For the functions given in the exercise, we aim to find how the function values change with respect to the variable \(x\), using derivatives. This helps in understanding the behavior and geometry of the functions as they relate to \(x\) and \(\theta\).

When dealing with derivatives, the chain rule is an essential tool, especially when the function we need to differentiate is composed of other functions. This occurs when you have a function inside another function, like \(\sin^2(\theta)\).
The chain rule states that we differentiate the outer function and multiply it by the derivative of the inner function. Here’s a simplified way to understand this:

• If you have \(f(g(x))\), the derivative is \(f'(g(x)) \cdot g'(x)\).

In our case, for \(x = \sin^2(\theta)\) and \(y = \cos^2(\theta)\), the outer function is squaring, and the inner functions are \(\sin(\theta)\) and \(\cos(\theta)\), respectively. Using the chain rule helps us correctly find the rate of change of these composite functions.

Trigonometric identities are vital in simplifying or resolving trigonometric expressions we encounter during differentiation. These identities transform complex expressions into simpler forms. An identity that is particularly helpful in this problem is the double-angle identity.

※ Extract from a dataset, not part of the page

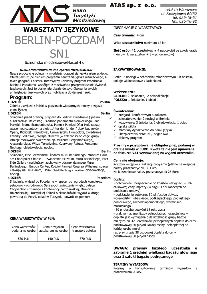 WARSZTATY JĘZYKOWE BERLIN-POCZDAM SN1 INFORMACJE O WARSZTATACH Czas trwania: 4 dni Wiek uczestników: minimum 12 lat Ilość osób: 42 uczestników + 4 nauczycieli ze szkoły gratis ( kierownik warsztatów + 3 wychowawców) Schronisko młodzieżowe/Hostel 4 dni NIESTANDARDOWA NAUKA JĘZYKA NIEMIECKIEGO Naszą propozycję polecamy młodzieży uczącej się języka niemieckiego. Oferta jest uzupełnieniem programu nauczania języka niemieckiego, a także geografii i historii. Intensywny i ciekawy program zwiedzania Berlina i Poczdamu współgra z możliwością przeprowadzenia ćwiczeń językowych. Jest to doskonała okazja do wypróbowania swoich umiejętności językowych oraz mobilizacja do dalszej nauki. Program: 1 DZIEŃ Polska Zbiórka , wyjazd z Polski w godzinach wieczornych, nocny przejazd przez Polskę 2 DZIEŃ Berlin Śniadanie przed granicą, przyjazd do Berlina: zwiedzanie ( pieszo i autokarem): Reichstag - siedziba parlamentu niemieckiego, Plac Paryski, Brama Brandenburska, Pomnik Pamięci Ofiar Holokaustu, spacer reprezentacyjną aleją „Unter den Linden” obok budynków Opery, Biblioteki Narodowej, Uniwersytetu Humboldta, zwiedzanie Katedry Berlińskiej, Wyspa Muzeów (w zależności od chęci grupy istnieje możliwość zwiedzania np. Muzeum Pergamońskiego), Alexanderplatz, Wieża Telewizyjna, Czerwony Ratusz, Fontanna Neptuna, obiadokolacja, nocleg. 3 DZIEŃ Berlin Śniadanie, Plac Poczdamski, śladami muru berlińskiego: Museum Haus am Checkpoint Charlie – zwiedzanie Muzeum Muru Berlińskiego, East Side Gallery - najdłuższy, zachowany odcinek dawnego Muru Berlińskiego, Europa Center, Kościół Pamięci Cesarza Wilhelma, spacer i zakupy na Ku-Damm, Pałac Charlottenburg z parkiem, obiadokolacja, nocleg. 4 DZIEŃ Poczdam Śniadanie, wyjazd do Poczdamu – spacer po ogrodach kompleksu pałacowo - ogrodowego Sanssouci, zwiedzanie wnętrz pałacu Cecylienhof – znanego z konferencji poczdamskiej, Dzielnicy Holenderskiej i Rosyjskiej Kolonii Aleksandrówki, wyjazd w drogę powrotną do Polski, obiad w Torzymiu, powrót ok północy CENA WARSZTATÓW W PLN: Cena warsztatów podana na osobę Cena przejazdu autokarem na osobę Cena warsztatów + transport autokar 530 PLN 140 PLN 670 PLN ZAKWATEROWANIE: Berlin: 2 noclegi w schronisku młodzieżowym lub hostelu, pokoje wieloosobowe z łazienkami. WYŻYWIENIE: BERLIN: 2 śniadania, 2 obiadokolacje POLSKA: 1 śniadanie, 1 obiad Świadczenia: przejazd komfortowym autokarem zakwaterowanie: 2 noclegi w Berlinie wyżywienie: 3 śniadania, 2 obiadokolacje, 1 obiad opieka pilota materiały dydaktyczne do nauki języka ubezpieczenia NNW ,KL, bagaż Axa ciekawy program Prosimy o przygotowanie obligatoryjnej, podanej w ofercie kwoty w EURO. Kwota ta nie jest ujmowana na fakturze VAT wystawianej za wyjazd uczestnika. Cena nie obejmuje: Kosztów wstępów i realizacji programu (płatne na miejscu) należy przeznaczyć ok. 30 Euro. Na kieszonkowe należy przeznaczyć ok 25 Euro Dopłaty: - dobrowolne ubezpieczenie od kosztów rezygnacji – 3% całkowitej ceny imprezy (w ciągu 3 dni roboczych od podpisania umowy) - podstawienie autokaru: 50 pln/osobę dotyczy województw: lubelskiego, podkarpackiego, podlaskiego, pomorskiego, zachodniopomorskiego, warmińskomazurskiego - 50 pln/osobę powyżej 18 roku życia - brak wymaganej liczby pełnopłatnych uczestników – dopłata jest wymagana o ile liczebność grupy będzie mniejsza niż 42 uczestników pełnopłatnych dopłata do ceny podstawowej 20 pln/od każdej osoby pełnopłatnej od każdej osoby mniej np. przy grupie 38 osobowej dopłata do ceny podstawowej 80 pln/od osoby UWAGA: prosimy każdego uczestnika o zabranie 1 średniej wielkości bagażu głównego oraz 1 sztuki bagażu podręcznego TERMINY WYJAZDÓW Prosimy o konsultowanie pracownikami ATAS. terminów wyjazdów z

The sine double-angle identity states that \(\sin(2\theta) = 2\sin(\theta)\cos(\theta)\). In this exercise, we've used this identity to simplify the differentiation of \(\sin^2(\theta)\) and \(\cos^2(\theta)\).

• For \(x = \sin^2(\theta)\), its derivative \(2\sin(\theta)\cos(\theta)\) becomes \(\sin(2\theta)\).
• For \(y = \cos^2(\theta)\), its derivative \(-2\cos(\theta)\sin(\theta)\) simplifies to \(-\sin(2\theta)\).

Utilizing these identities not only makes our calculations more manageable but also highlights the interconnectedness of trigonometric functions.

Implicit differentiation is a technique used when it's hard or impossible to solve for one variable explicitly in terms of another. Instead of expressing \(y\) purely in terms of \(x\), we differentiate directly, assuming that \(y\) is a function of \(x\). This is useful when dealing with expressions not easily separated into explicit functions.

In our exercise, \(x\) and \(y\) are both dependent on \(\theta\). Even though the relationship wasn't explicitly stated in terms of \(x\) and \(y\), applying implicit differentiation allowed us to find \(\frac{dy}{dx}\). This was done by first finding \(\frac{dx}{d\theta}\) and \(\frac{dy}{d\theta}\), and then linking them to derive \(\frac{dy}{dx}\) using the ratio \(\frac{dy/d\theta}{dx/d\theta}\).

Implicit differentiation shines when function relationships are not straightforward, making it an indispensable tool in calculus.